Snow cover is an important factor influencing soil temperature (Williams and Gold, 1976). It insulates the soil, keeping it cool in summer and warm in winter. The minimum air temperature we recorded was −26.6°C, but most of the soils never experienced temperatures below −2°C at the 10-cm depth where they were recorded. Snow falls in Kärkevagge before many of the soils freeze, and isothermal conditions existed for more than 250 d at 10 cm deep in the soils at the midalpine meadow, solifluction meadow, and birch sites and at one Dryas site. The daily mean temperature recorded at birch site 1 clearly showed the effect of a deep snow cover. The soil temperature at 10 cm never dropped below 0°C, whereas at alpine site 4, the snow cover was not sufficient to prevent the temperature dropping to −15°C (Fig. 7).

Growing degree days (GDD) are often used to assess the progress of plant growth and maturation (Maxwell, 1992). They are calculated by subtracting from the daily mean air temperature a reference threshold temperature, then summing over days, excluding degrees over a maximum threshold reference temperature.
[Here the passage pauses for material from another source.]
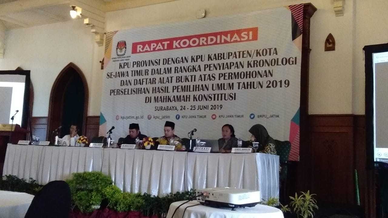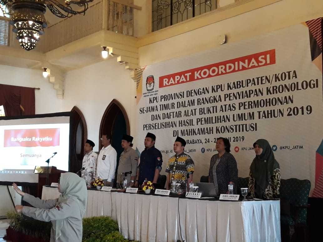 Hupmas, SURABAYA – Kamis siang, (27/06/2019), KPU bersama Pemerintah Kota (Pemkot) Surabaya menggelar Rapat Koordinasi (rakor) Pemberhentian Anggota DPRD Kota periode 2014-2019 dan Pelantikan Anggota Legislatif (Aleg) periode 2019-2024. Rakor berlangsung di ruang Asisten 1 Sekretaris Kota (Sekkota) Bidang Pemerintahan. Hadir dalam rapat itu Asisten 1 Sekkota Bidang Pemerintahan Sekkota Yayuk Eko Agustin, Kepala Bakesbang Linmas Eddy Christijanto, serta Sekretaris DPRD Surabaya Hadi Siswanto Anwar. Dari KPU Surabaya hadir anggota KPU yang membidangi Divisi Hukum dan Pengawasan Soeprayitno dan Divisi Perencanaan, Data, dan Informasi, Naafilah Astri Swarist. Kepala Bakesbang Linmas Surabaya, Eddy Christijanto serta Sekretaris DPRD Hadi Siswanto Anwar menyampaikan jadwal pemberhentian dan pelantikan Aleg pada 23 Agustus 2019. “Ini sehubungan dengan habisnya periodesasi anggota dewan 2014-2019 pada tanggal tersebut, 23 Agustus 2019,” kata Eddy Christijanto yang dikuatkan Hadi Siswanto Anwar. Hadi menambahkan, jadwal diperlukan pihaknya terkait persiapan. Salah satunya pengukuran jas Aleg yang akan dilantik. Mengenai usulan jadwal tersebut, Divisi Hukum dan Pengawasan KPU Surabaya Soeprayitno menegaskan pihaknya belum bisa memberi masukkan sehubungan jadwal pelantikan. “Sementara ini KPU Surabaya masih menghadapi gugatan PHPU (Perselisihan Hukum Pemilihan Umum) terkait pemilu DPRD kota. Pria yang akrab disapa Nano ini menjelaskan jika Buku Register Perkara Konstitusi (BRPK) atas PHPU tersebut baru akan terbit tanggal 1 Juli 2019. Dan sidang pendahuluan dijadwalkan 7 Juli 2019. “Sambil menunggu proses di MK, KPU Surabaya menyiapkan dokumen pelantikan. Sedangkan Pemkot koordinasi dengan gubernur terkait penandatanganan Surat Keputusan pelantikan anggota dewan dan koordinasi dengan Ketua Pengadilan Negeri sehubungan pengambilan sumpah, ” tutup Soeprayitno. (al)

For conventional midlatitude agricultural crops the low reference temperature is 10°C and the upper is 30°C. However, it is unclear what reference temperatures we should use. Arctic and alpine plants are very cold tolerant; alpine plant roots may grow at temperatures as low as 0°C (Billings, 1974). However, at soil temperatures below 5°C, B. pubescens root growth and N uptake are nil, and raising the temperature above 15°C does not increase the rates (Karlsson and Weih, 1996). Only one site, SM6, had temperatures that slightly exceeded 15°C on a total of only 5 d. Given the uncertainties, we calculated GDD at low reference soil temperatures of 0, 0.5, and 5°C, with no upper reference temperature.
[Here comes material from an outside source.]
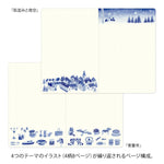 El cuaderno Yuru Log - Blue Nordic te invita a viajar sin moverte del escritorio. Con una estética acogedora en tonos azul índigo y un aire nostálgico, cada doble página está ilustrada con escenas que evocan la calidez de una cabaña nórdica, tardes de fika, mercados de pulgas o paisajes nevados. Sus ilustraciones suaves y detalladas crean una narrativa visual que inspira a documentar tus días, ideas creativas o recuerdos especiales.

GDDs at 0, 0.5, and 5°C are all closely related with correlation coefficients ranging from 0.95 to 0.99, so they essentially are equivalent and tell a similar story. All GDDs were lowest at the alpine and midalpine meadow sites. This is obviously attributable to the high elevation of the alpine sites (Fig. 8, Table 1). However, at the midalpine site, long snow cover and location at the head of the valley, where there is little direct sunshine, accounts for the cold soil temperatures (Fig. 1). Indeed, maximum temperature recorded at MA1 is less than that of site A4, located 340 m above it. The highest GDD0 was found at the Dryas and the Empetrum heath sites. The Dryas sites were at midelevations, generally well drained, and on west-facing slopes, so they had relatively low heat capacity and received maximum insolation. The Empetrum sites were at low elevation and excessively drained, giving them higher air temperatures and low heat capacity. Despite lush vegetative growth, the birch sites had low GDD due not to low minimum temperatures, but to their long period of snow cover and isothermal conditions.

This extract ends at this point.